As shown in Table 2, in Comparative Example 1, (A) the acid-modified photosensitive epoxy resin had a low softening point, and (C) the liquid bifunctional epoxy resin had a poor touch-drying property in that the resin was liquid. Moreover, since the comparative example 2 uses only the photosensitive (A) acid-modified photosensitive epoxy resin, and uses only the (B) non-photosensitive carboxylic acid resin without photosensitive, it is inferior to sclerosis | hardenability, electroless gold plating tolerance, and soldering. The heat resistance was bad. Moreover, since the solid epoxy resin was used for the comparative example 3 without using (C) liquid bifunctional epoxy resin which worsens touch drying property, it has favorable touch drying property. However, since the solid epoxy resin is polyfunctional, it greatly affects the thermal curing promotion, and even if a high acid value (B) non-photosensitive carboxylic acid resin is used, the development life is bad if the epoxy resin is only a solid epoxy resin. .

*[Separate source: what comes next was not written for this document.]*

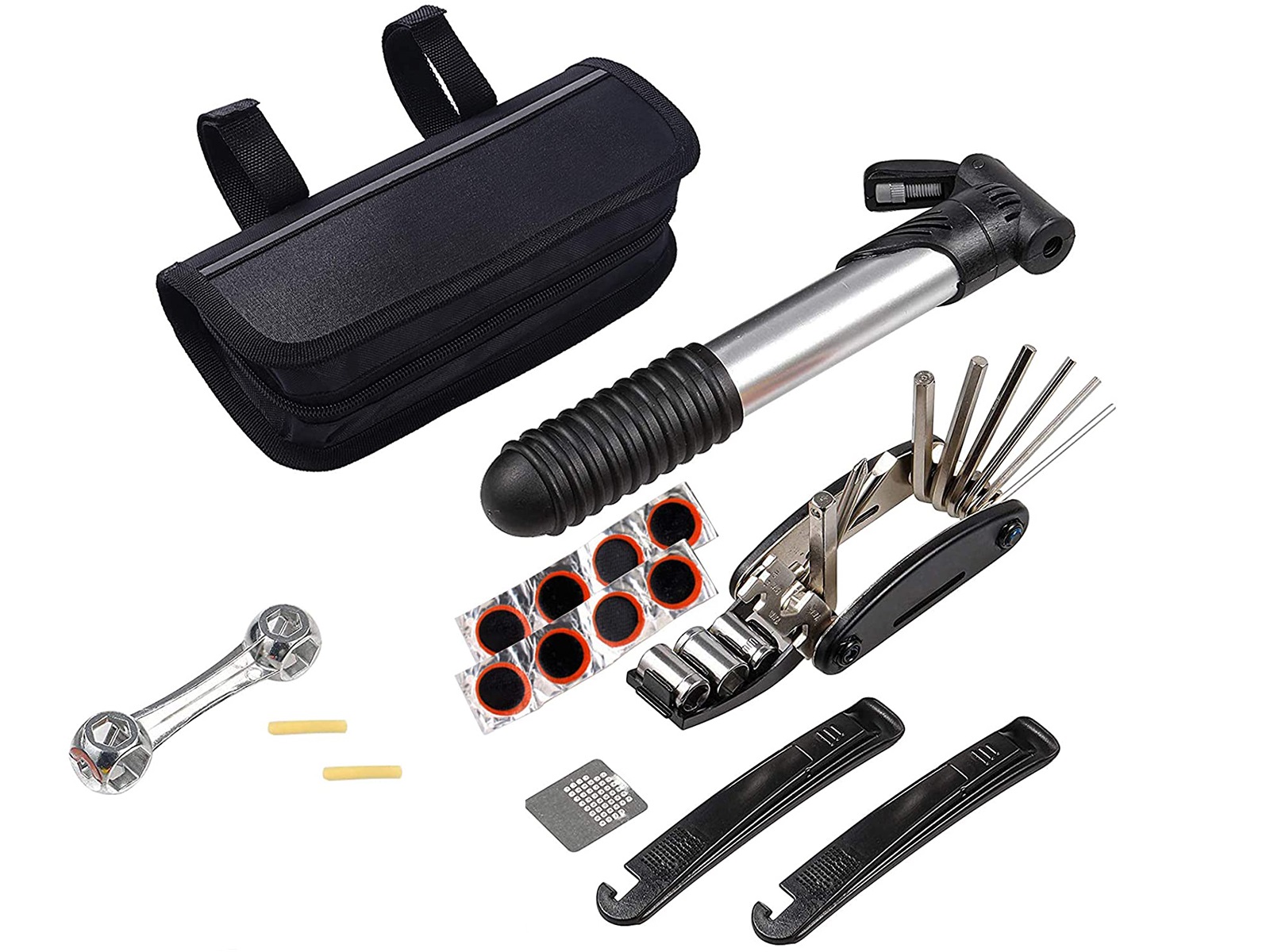 De set bestaat uit een compacte pomp, een multi tool, 2 bandenlepels, 8 plakkers, 1 moersleutel met 8 maten en opbergtas.
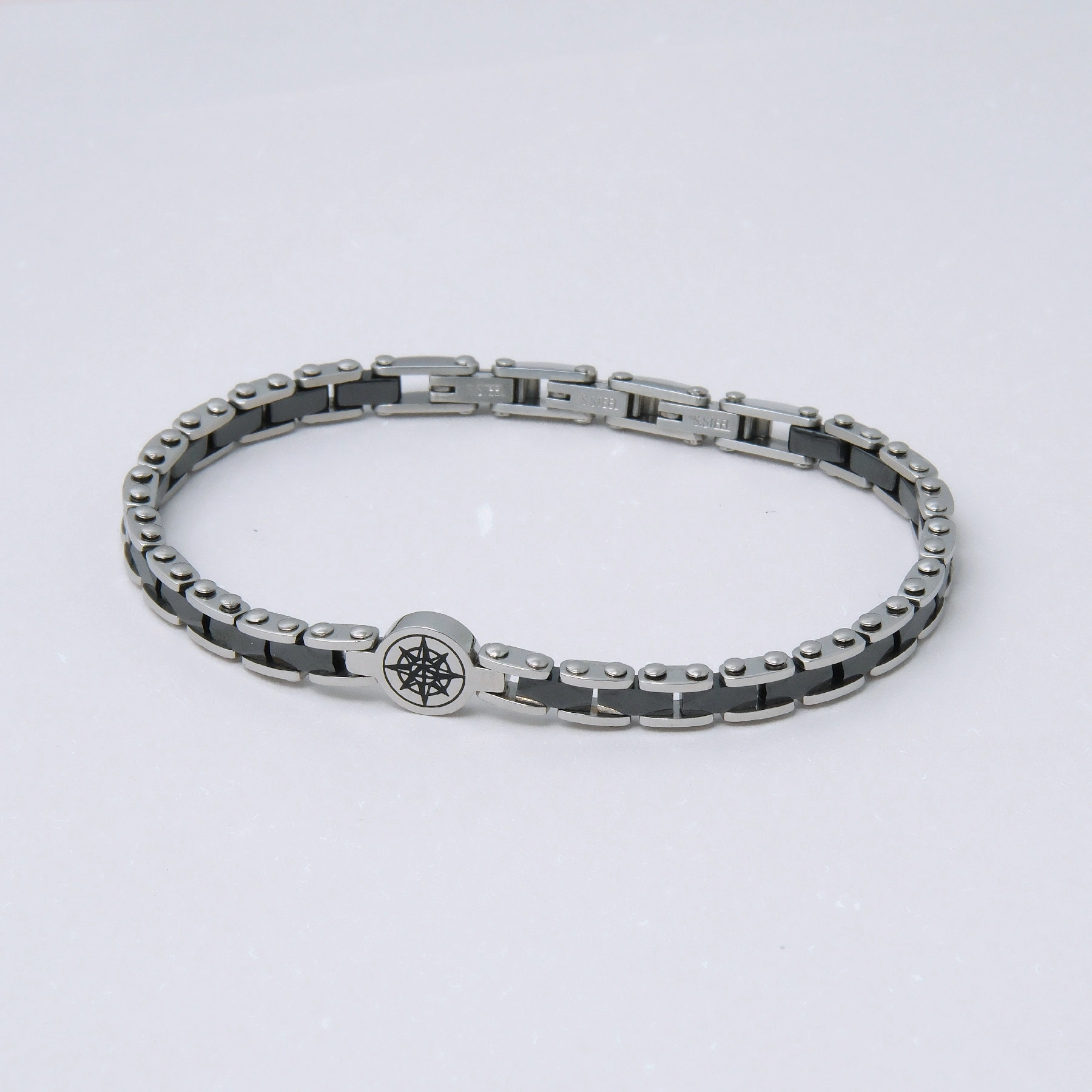Bransoletka z ogniw stalowych i ceramicznych, z różą wiatrów

On the other hand, when (A) acid-modified photosensitive epoxy resin, (B) non-photosensitive carboxylic acid resin, and (C) liquid bifunctional epoxy resin are used according to an Example, it has a touch-drying property, an electroless gold plating tolerance, and solder heat resistance. In all of the characteristics of the developing life, good results were obtained. In particular, since the (B) non-photosensitive carboxylic acid resin has a high acid value, it is inferred that the touch drying property and the developing life were good.

Claims (6)

(A) acid-modified photosensitive epoxy resin,
(B) a non-photosensitive carboxylic acid resin, and
(C) Liquid Bifunctional Epoxy Resin
Photosensitive resin composition comprising a. The photosensitive resin composition of Claim 1 whose weight average molecular weights of said (B) non-photosensitive carboxylic acid resin are 10000 or more and 30000 or less. The photosensitive resin composition of Claim 1 whose acid value of the said (B) non-photosensitive carboxylic acid resin is 120 mgKOH / g or more. The photosensitive resin composition of Claim 1 which further contains kaolin. Hardening film formed by hardening | curing the photosensitive resin composition of any one of Claims 1-4. A printed wiring board comprising the cured coating film according to claim 5.